Confederate Army officer (1813–1885)

James Burdge Walton (c. 1813–1885) was a Confederate military officer who was recognized for serving in the famed Washington Artillery for two decades. He was most prominent in the Confederate service in the American Civil War as commander of the Washington Artillery out of New Orleans and as Inspector-General of Field Artillery of the Confederate States, the highest position an artillery officer could achieve.

==Early life==
Born in New Jersey, Walton attended college in Louisiana and owned a New Orleans grocery store.

==Military service==

===Mexican American War===
Walton joined the Washington Artillery as an adjutant when the unit was formed in 1839. In the Mexican War, Walton commanded the 1st Louisiana Artillery as a Major and by 1857 he was Colonel Commanding of the battalion.

===Civil War===

At the outbreak of the Civil War, Walton and four of five batteries went East to serve in Virginia.
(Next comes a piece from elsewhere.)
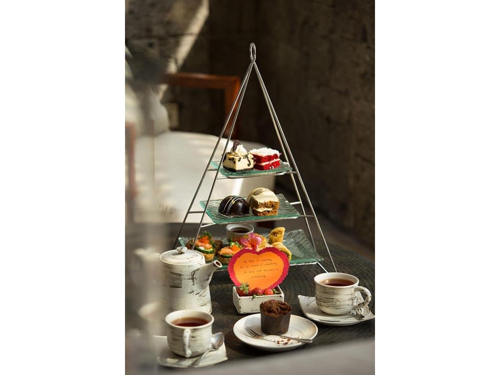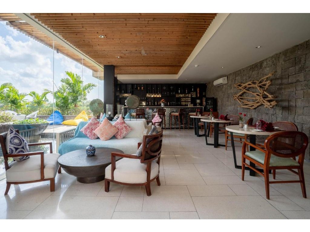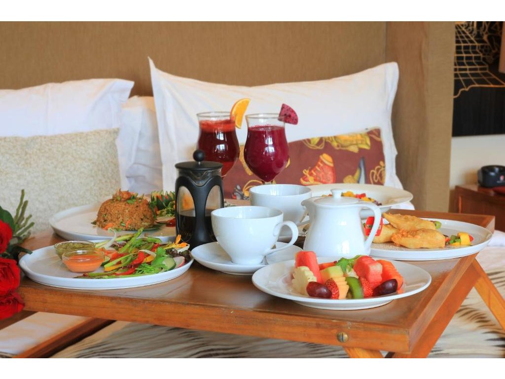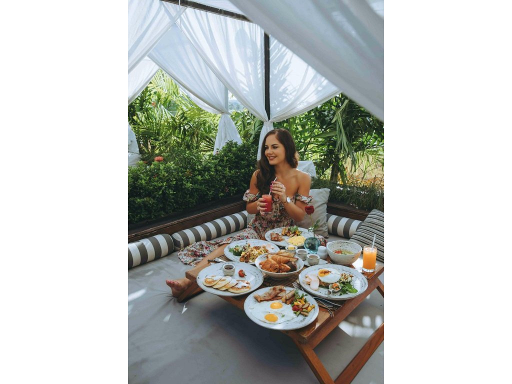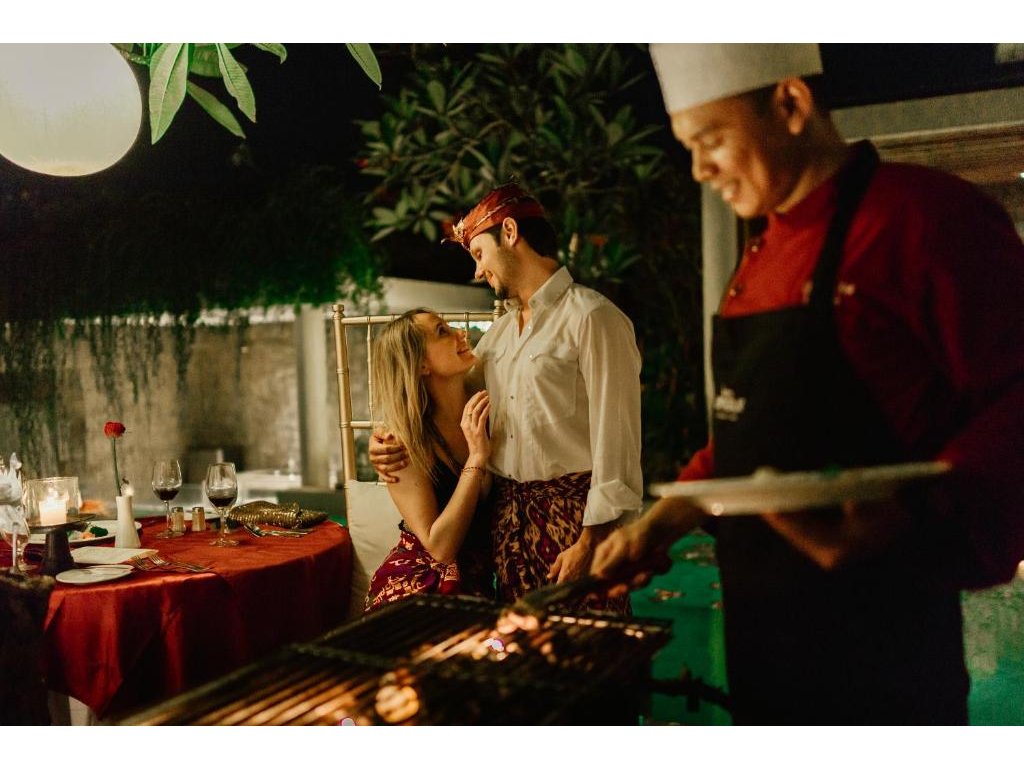 Snídaně servírovaná přímo do vily (možný floating tray), jednoduché in-villa menu přes den/večer. V okolí bohatá nabídka kaváren a restaurací (indonéské i mezinárodní kuchyně).

After fighting at the First Battle of Manassas, Walton and his command were assigned to James Longstreet's forces. These batteries served in the Peninsula Campaign, at Second Manassas, and Antietam. Walton commanded the batteries on Marye's Heights during the Battle of Fredericksburg and the Chancellorsville Campaign. He commanded the artillery reserve of the First Corps artillery and was offended when at Gettysburg a subordinate Colonel E. Porter Alexander was placed in charge of the artillery preparation for Pickett's Charge on July 3, 1863.
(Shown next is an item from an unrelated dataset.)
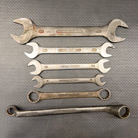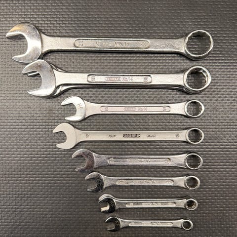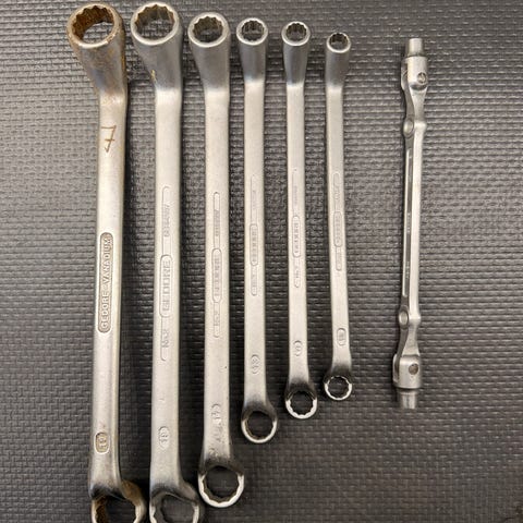 Originale Gedore bøyde ringnøkler i flere størrelser. Tysk krom-vanadium, solide og presise. Brukt med normal slitasje, fullt funksjonelle. Perfekt der rette nøkler ikke kommer til. Selges samlet. Se bilde for tilstand og størrelser. Kan sendes eller hentes.

When the bulk of Longstreet's First Corps were sent to Georgia, only a portion of the artillery was sent with it. Walton held several positions in southern Virginia during the absence of his guns. Walton worked to improve artillery formations and drills, it was during this time that he rose to the rank of Colonel after an act was passed through the congress of the Confederacy, making him the highest ranking artillery officer in the Confederacy. A prominent accomplishment of his was the design for the Hanging Tigers Head used as a badge by the Washington Artillery. He resigned on July 18, 1864 and returned to his business as a merchant.

==Family life==

Walton's son, James B. Jr., was a student at Virginia Military Institute class of 1865 who resigned to join the Confederacy in 1861.